6.4. Processing of the results
6.4.1. Mass fraction of tin () in percent is calculated by the formula
where is the concentration of tin in the analyzed solution samples, was found in the calibration schedule, g/cm
;
— the concentration of tin in solution in the reference experiment, was found in the calibration schedule, g/cm
;
— volume of the volumetric flask for solution preparation of sample, cm
;
— weight of charge, g
.
6.4.2. The absolute discrepancies in the results of parallel measurements ( — convergence) must not exceed the permissible values given in table.1.

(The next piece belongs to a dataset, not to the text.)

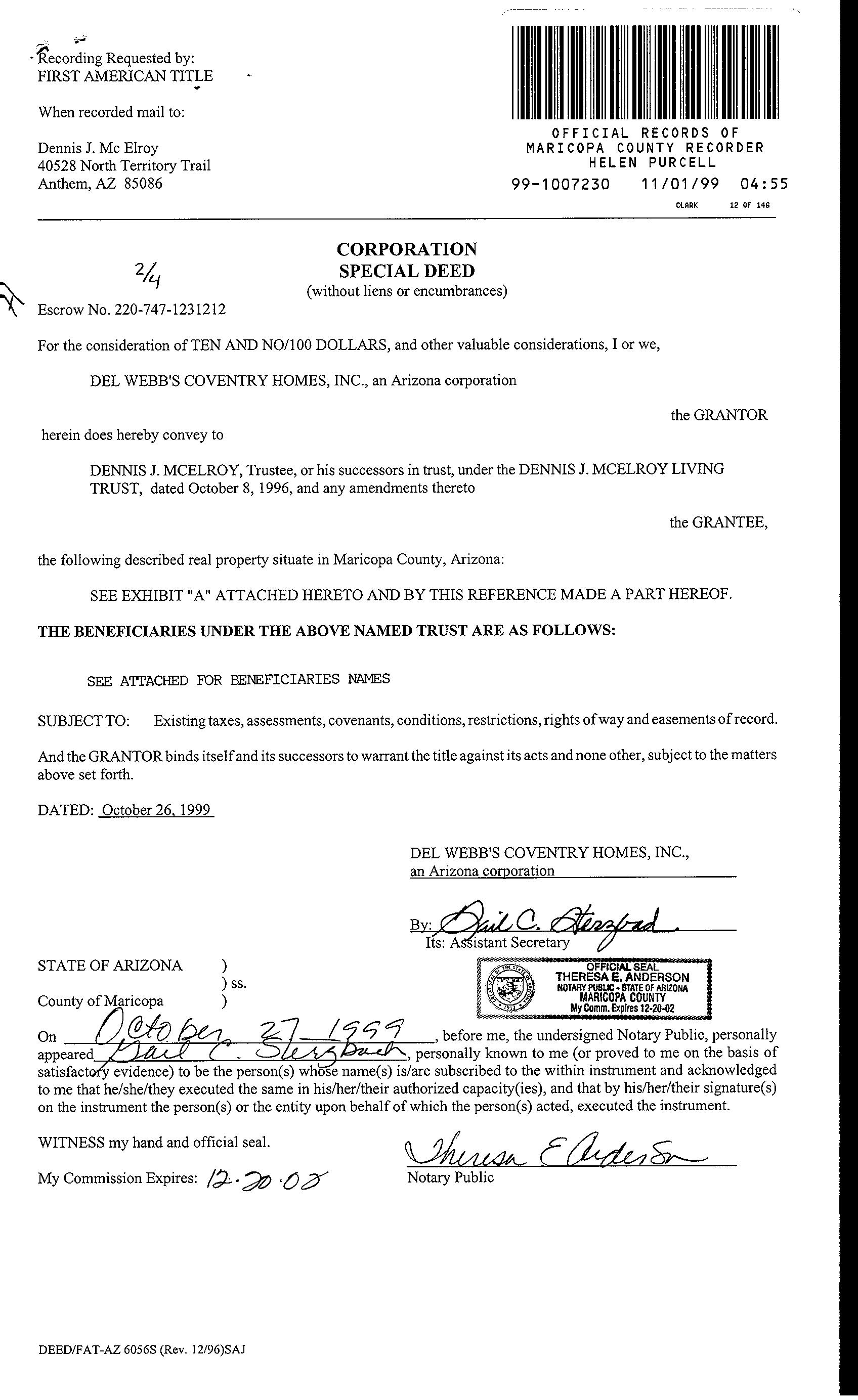 Recording/Sale Date : 11/01/1999 / 10/26/1999

6.4.3. The absolute discrepancies of the analysis results obtained in two different laboratories or two of the results of analysis obtained in the same laboratory but under different conditions (the reproducibility) shall not exceed the values specified in table.1.
6.4.2,
6.4.4. The control accuracy of the analysis carried out according to State standard samples (GSO) or industry standard sample (CCA), or by standard samples of the enterprise (SOP) copper-zinc alloys, approved GOST 8.315, or by additives, or by comparing the results obtained by another method in accordance with GOST 25086.
(Changed edition, Rev. N 4).
6.4.4.1−6.4.4.3. (Deleted, Rev. N 4).